La Consulta ha dichiarato l'illegittimità costituzionale dell'articolo 3, comma 1, del D.Lgs. 4 marzo 2015 sul contratto di lavoro subordinato a tutele crescenti, nella parte in cui determina in modo automatico - in funzione della sola anzianità di servizio - l'indennità risarcitoria dovuta al lavoratore ingiustificatamente licenziato.

Tale criterio, nell'avviso del Giudice delle leggi, sarebbe contrario ai principi di ragionevolezza e di uguaglianza, contrastando altresì con il diritto e la tutela del lavoro sanciti dagli artt. 4 e 35 della Costituzione.

Sebbene la pronuncia non sia stata ancora pubblicata (risultando allo stato diffuso solo un comunicato stampa dell'ufficio della Corte, che è possibile scaricare qui) e quindi, sotto il profilo tecnico-giuridico, la summenzionata norma sia ad ogni effetto in vigore, a quanto consta stamane taluni Giudici hanno rinviato la decisione della controversia (peraltro in violazione del divieto di udienze di mero rinvio che caratterizza il rito del lavoro) per attendere la decisione della Corte Costituzionale.

In attesa di esaminare il percorso motivazionale della Corte, l'unico dato certo è che ancora una volta non v'è nulla di certo.
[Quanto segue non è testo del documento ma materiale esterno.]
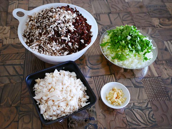 (1)きのこ、玉ねぎ、セロリ、生姜、にんにくを刻む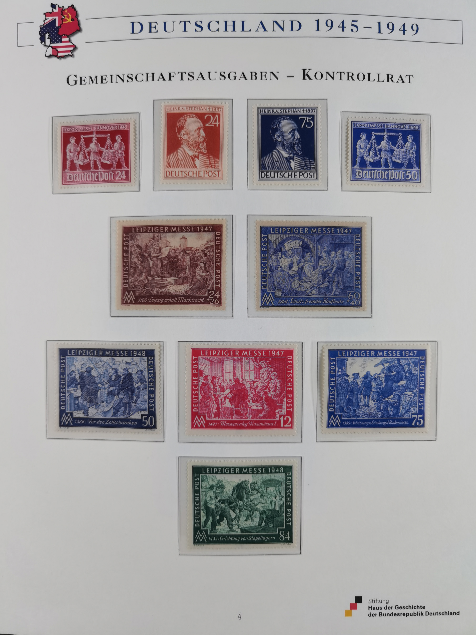 1945/48, Kontrollrat und Bizone, postfrische, ungebrauchte und gestempelte reichhaltige Partie in vier Steckbüchern, dabei mehrere Sätze Mi.52-68, div. Bauten weit und eng gezähnt, rund 40 Marken mit Platten-Nummern, Bl. 12A/B (10), über zwanzig Bl.1, etc.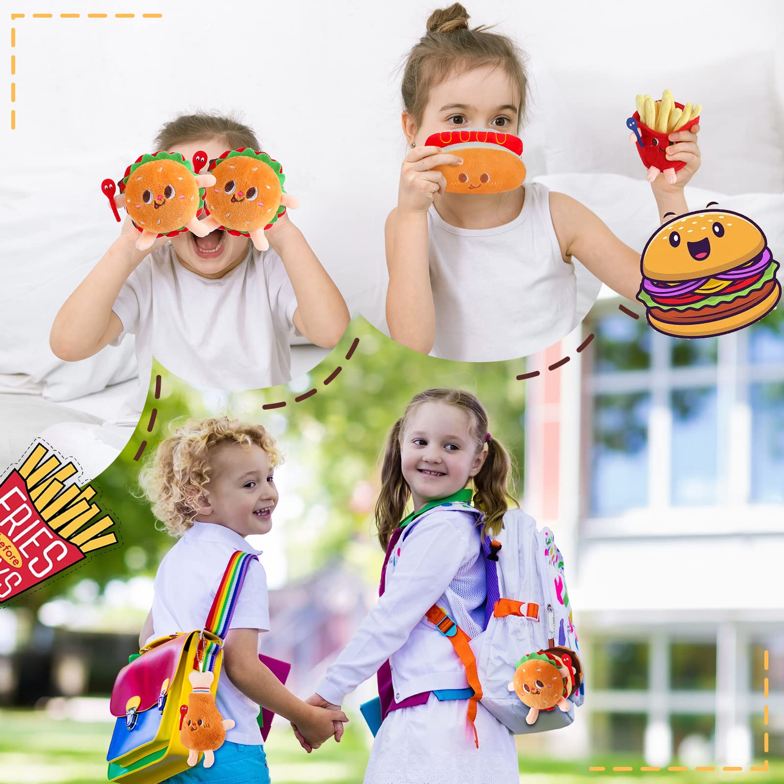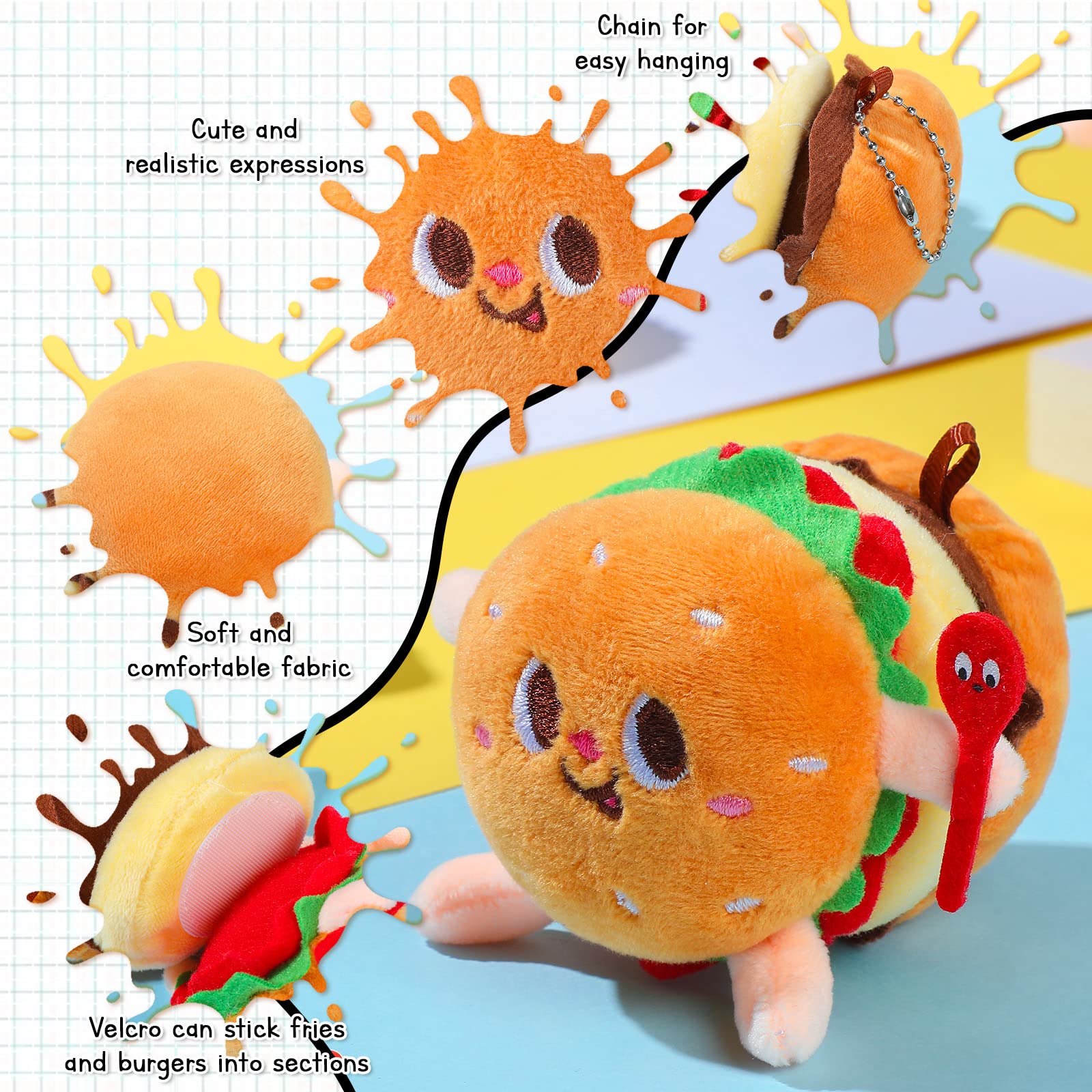 - Ingenious Hook and Loop Fasteners Design: our food plush toy set is made of quality plush, and the interior is filled with PP cotton, safe and soft, comfortable to hold, not easy to fade or break; The clever hook and loop fasteners design is fun, which can divide the hamburger into 3 layers and divide the fries into 2 layers, and stick them together in the middle; Please note that these plushies are vacuum packed, and you can pat to restore the appearance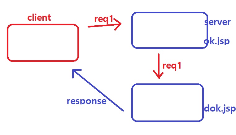 2) server안에 있는 ok.jsp에게 요청(request)을 보냄
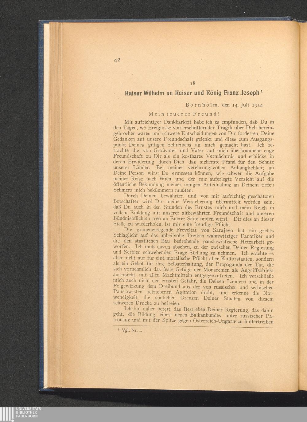 18. Bornholm, den 14. Juli 1914. Kaiser Wilhelm an Kaiser und König Franz Josep[...]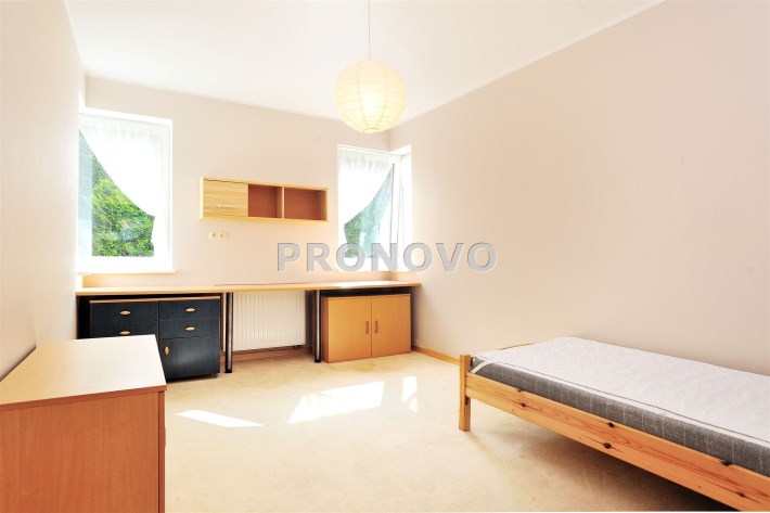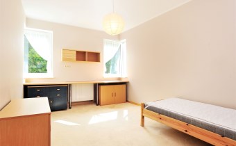 - Sypialnia (14m2) od strony wschodniej z dwoma oknami i widokiem na ogród przynależny do mieszkania. Pokój idealny dla 2 dzieci. Na podłodze wykładzina podłogowa. Łóżko 200x80. Szafki. Dużo biurko dla 2 osób.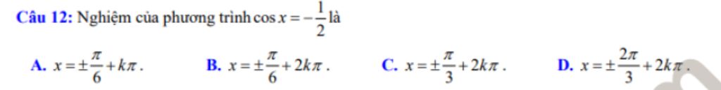 `<=>` `x=+-arccos(-1/2)+k2pi` `(k in ZZ)`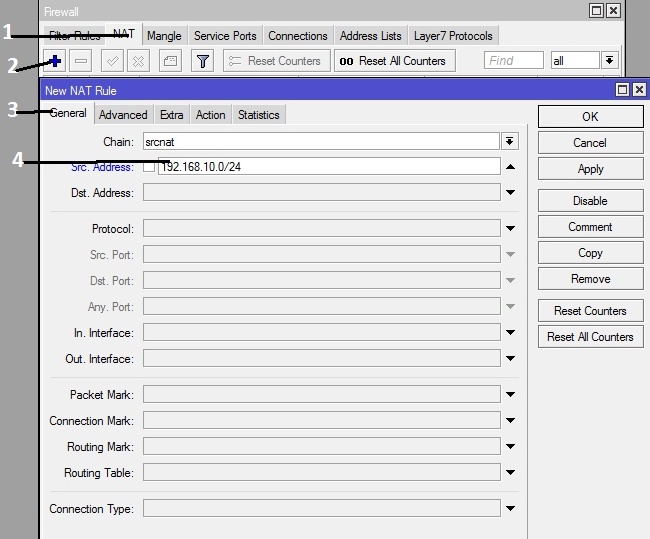 9. Masuk ke IP > Firewall tab Nat Pilih Tab NAT Klik tanda “+” Pilih tab “General” Chain “srcnat” Src.Address “192.168.10.0/24” Pilih Tab Action Action “masquerade” Apply / OK Sampai disini internet untuk ke local sudah bisa digunakan dengan catatan ip address harus diisikan ke masing masing computer, jika tidak mau ribet anda bisa menggunakan settingan DHCP jadi nanti masing masing computer bisa mendapatkan ip address secara otomatis.
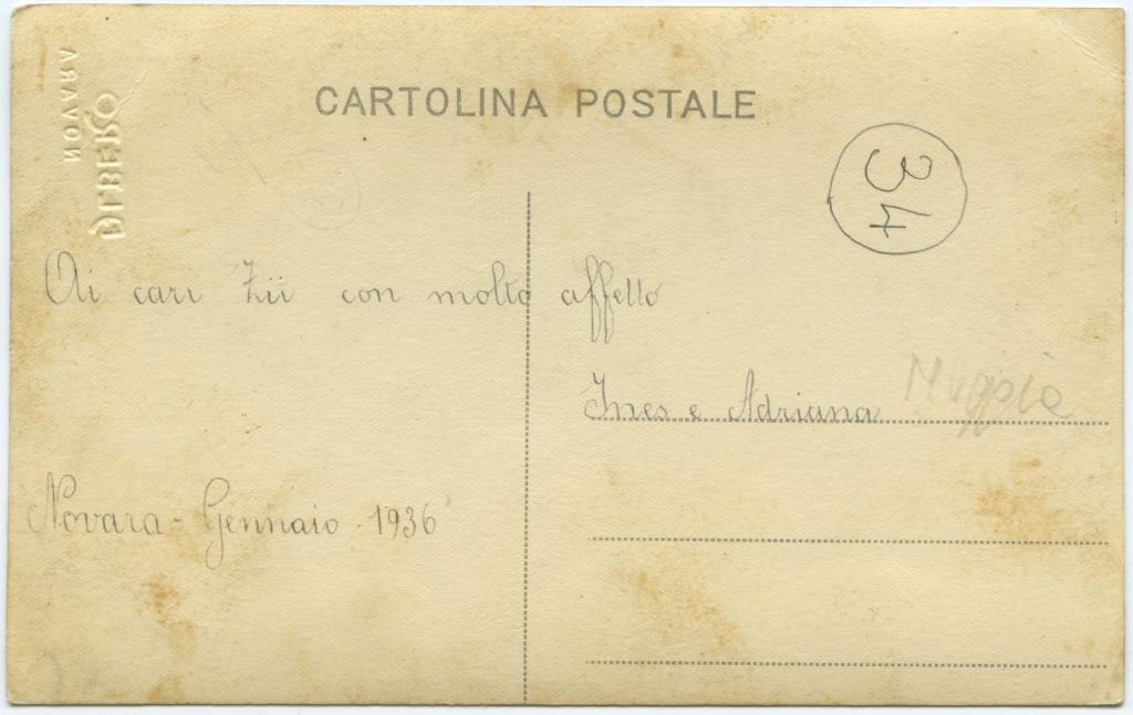 | iscrizioni | sul verso del supporto la dedica "Ai cari Zii con molto affetto Ines e Adriana [Muggia]/ Novara - Gennaio 1936" |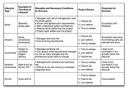 You may have noticed there’s an extra lifecycle in Table 1, the venerable ad hoc lifecycle, or code and fix. There is never a good time to use code and fix. Any lifecycle, even a serial lifecycle, will provide a better outcome than the code-and-fix.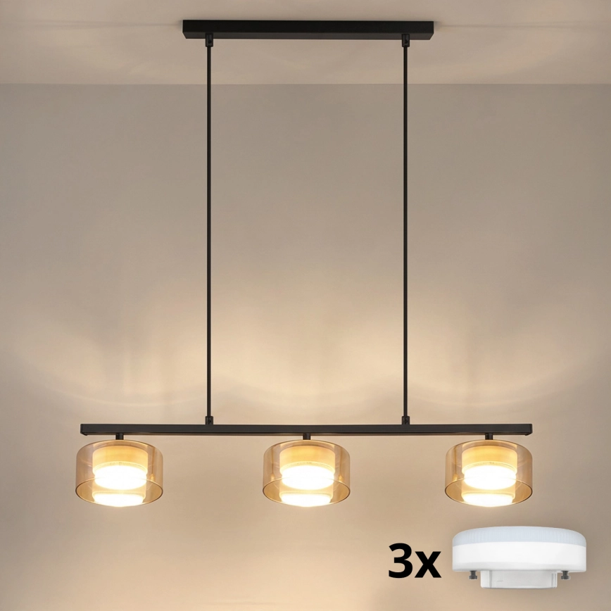 Brilagi - LED Κρεμαστό φωτιστικό με καλώδιο AURA LUX 3xGX53/30W/230V μαύρο/χρυσό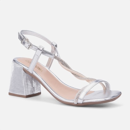 Sandália Infantil Tiras Com Strass Salto Curto Bloco

Infatti, assumendo che la declaratoria di incostituzionalità non riguardi solo un passaggio specifico del summenzionato art. 3, dovendo colmare la sopravvenuta lacuna normativa il Giudice,in attesa di un intervento del Legislatore, potrebbe:

  1. applicare analogicamente l'art. 18 Stat. Lav. (parrebbe con esclusione della reintegrazione nel posto di lavoro, ad eccezione delle ipotesi in cui è attualmente prevista, sebbene anche questa valutazione sia opinabile); o più probabilmente
  2. applicare i vigenti limiti minimi e massimi previsti dal D.Lgs. n. 23/2015 (i.e. 6 e 36 mensilità), come modificati dal c.d. Decreto Dignità , modulando tuttavia la consistenza dell'indennità in funzione di un più ampio numero di parametri.

In quest'ultima ipotesi, peraltro, le conseguenze della ingiustificatezza di un licenziamento – comunicato ad un lavoratore assunto con il contratto a tutele crescenti – diverrebbero, paradossalmente, astrattamente ben più gravose di quelle derivanti dal licenziamento di un c.d. vecchio assunto.